Девушка переминалась с ноги на ногу, очень хотелось курить:
– Ну-у не-ет… Это же лягушки маленькие, красивые… А жабы – большие, противные.
– Плохо! – решительно заключил Коршунов. – Как же вы детей жабам учили? Ничего не знаете, а учили!
– Ну хотите попробую загуглить? – вздохнула девушка. В уме висела сигарета, источая аромат и вкус. – Какую там жабу надо?
– Вот этого не надо… – самодовольно объявил Коршунов, ощутив себя Цезарем, не меньше. – Так не интересно. Все ваши мозги ушли в Интернет! Все там! Вон, даже эти идиоты, – махнул на голубей – они у меня докиваются ещё, но спор выиграли… У-у на вас! Корку им накрошил.

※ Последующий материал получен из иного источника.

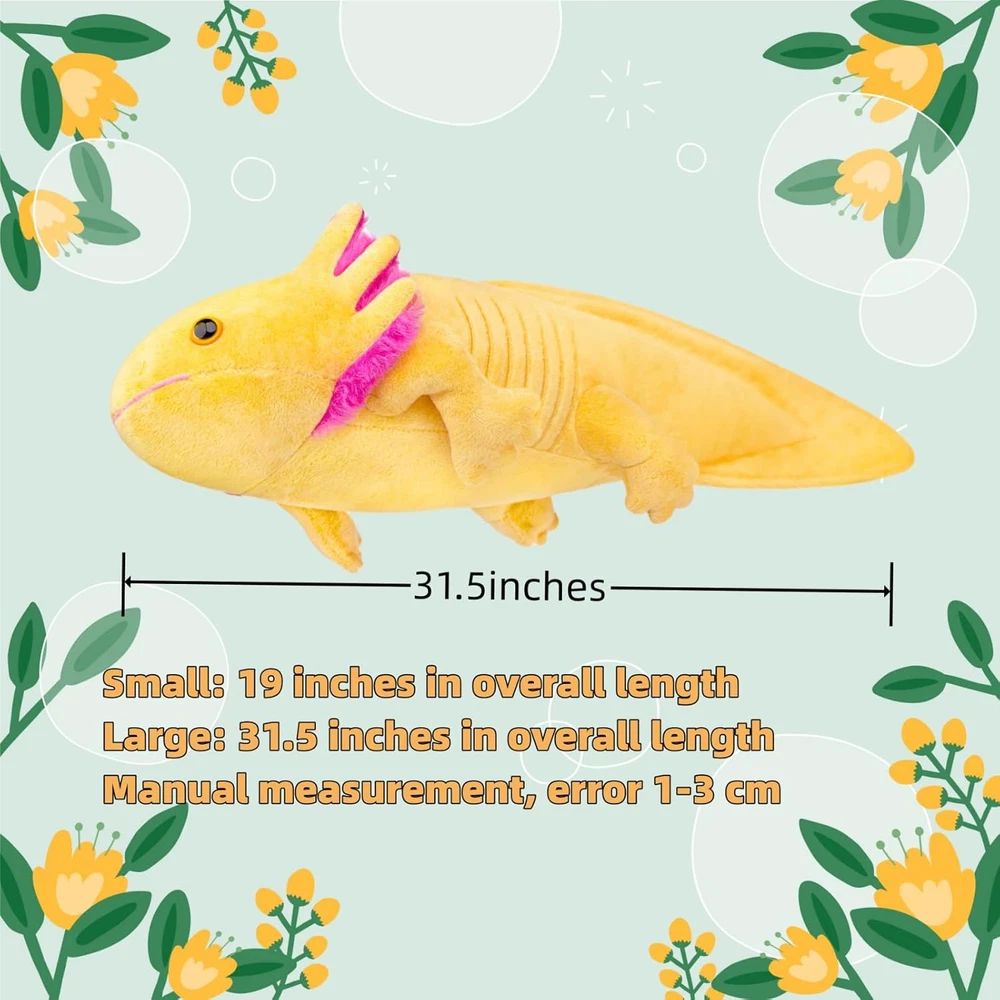 Store New Arrivals Add to Favorite View Feedback Contact Giant Axolotl Plush-Yellow,31.5" Lifelike Axolotl Stuffed Animal, Soft Plush Stuffed Animal,Plush Animals, Axolotl Plush, Gifts for Boys Girls Description Item Dimensions L x W x H 3"L x 2"W x 2"H Occasion Type Easter, Christmas, Fourth Of July, Baby Shower, Valentine’s Day Are Batteries Required No Color Yellow Material Type Polyester Animal Theme Axolotl Required Assembly No Theme PLUSH TOY Outer Material Plush Model Name Plush Toys Toy Figure Type Stuffed Toy Play Activity Location Floor Special Features Lifelike Number of Pieces 1 Subject Character Animal Size Large 【Soft and Durable】The realistic axolotl plush toy is made of high quality short plush that is safe against your kid's skin and has no pungent odor. Well-made, meticulous stitching, not easy to crack, durable. It is a toy that can stay with children for a long time 【Stimulates Imagination】Stuffed axolotl animals are great companions for kids to grab and hug with their little hands and will stimulate imagination and promote creative play. Your little ones will have a great companion to share stories or secrets with 【Perfect Gift】This plush toy is perfect for playing, collecting and cuddling, it is a great choice for birthday, Valentine's Day gifts, Christmas, Thanksgiving or any other anniversary gift choice for kids, friends, family. A great gift for plush toy fans of all ages 【Versatile】The cute simulated plush toy is perfect for living room, bedroom, nursery bed, kindergartens, daycares , car ,office and wherever your child likes to go. It can be used as nap pillow, office pillow, plush toys, home decoration, it can meet all your needs.Brings a lovely tactile experience. It's fun to collect, play with and display them 【Early Education Toy】The design of this axolotl plush is inspired by real animals in nature. Our designers have restored its true appearance, the details are realistic, and at the same time take into account the beauty of the design, you can use it to introduce to children and improve children's understanding cognition of nature Product Description ABOUT US We offer the best prices around on high quality products. Our E-store includes media such as books, movies, music and games while offering electronics, toys, sporting apparel, clothing, tools, general home, garden items and more. SHIPPING We are always working hard to ensure your package arrives as soon as possible. Please understand that some factors like weather, high postal traffic, and the performance of shipping companies are outside of our control. We offer free shipping to the lower 48 states and ship within 2 business days of payment, usually sooner. We do not accept P.O. Boxes. Please provide a physical address. For shipping outside of the continental USA, we only use eBay's Global Shipping Program.The item is shipped to KY and then sent to the rest of the world. International customers are responsible for all duties and taxes. Continue to check out in order to calculate costs for shipping the item to your country. Messages regarding eBay's Global Shipping Program MUST be directed at eBay EXCLUSIVELY. RETURNS We offer a 30-Day Return Policy on items which you are not completely satisfied with. You have the option for a full-refund or an exchange of the item. No returns are available on items shipped outside of the USA. PAYMENT We accept PayPal. CONTACT US This page content is yet to come Please ad us to your favorite seller and visit again later Thank You CUSTOMER SATISFACTION We try our very best to make sure every customer is completely satisfied. If there's a problem, message us! We're happy to help. WE ACCEPT Copyright © 2021 AutoDS. | All Rights Reserved

– Извините, так у вас не найдётся закурить? – словно извинилась учитель, но вдруг стало так легко, так, что курить, кажется, сразу и расхотелось.
– А как вас зовут? – вдруг спросил Коршунов, даже прищурив глаз.
– Алина.
Коршунов вдруг перевёл взгляд в кроссворд. Там словно был один вопрос и теперь, кажется, можно посчитать буквы… Сопоставить всё: «А», «л», «и», «н-а». Это одно слово и целых пять букв, и было то, было сё, было то, было…
– А сколько вам лет, Алина?
– Двадцать два, – обиделась Алина. Просто при встречах её считали хорошо если шестнадцатилетней, а то и четырнадцать лет могли дать… Учитель! Даже на праздниках люди интересовались, не станут ли её родители против, если она напьётся и пропадёт на ночь…
– Угу… – Коршунов напряжённо рассматривал какую-то закорючку свою – Угу… А мне тогда сколько было? Было, мне было… Тогда…
Алина растерянно замерла, рассматривая вдруг ушедшего в свои мысли Коршунова. Он прямо на глазах постарел, весь согнулся, стал маленьким, беспомощным, а взгляд наполнился беспокойством, даже какой-то пеленой, через которую он ничего не видел, и уже не мог слышать…
– Извините, спасибо, я, наверное, пойду… – пробормотала она и развернулась идти, сделала несколько шагов к перрону, как вдруг Коршунов весь дёрнулся, его ударило электрическим током, не меньше, взмахнул авторучкой, рванулся удержать Алину, но уронил в лужу все свои кроссворды:
– Нет! Постой, постой!..
* * *
Её большие глаза его поглощали, сжигали и звали, звали, звали, так же, как тогда, на БАМе… Они позвали, а вся она – подтвердила. И он пошёл за ней… Барак был тёмный, вечер был, была она, и он тоже – был, и жили они работой, а вечер тёмный был, а труд был нужный, и лишь разделись – масштаб тот всесоюзный (точно!) был. Дело пошло.
– Аля!
Она лежала рядом, расслабленная, спокойная:
– А-у!
Коршунов растирал пальцами травинку:
– Скажи мне…
И замолчал. Пялился в потолок. Доски стали серые, тоскливые. А вроде же… Он точно не помнил, но если буквально – недавно же познакомились? Они были свеженькие ещё… И стройка была всесоюзная, нужная, ну, каков масштаб?! И посерели от времени… А вроде же?
– Что сказать, Климушка?
Теперь эта щель тоже. Маленькая правда, но щель.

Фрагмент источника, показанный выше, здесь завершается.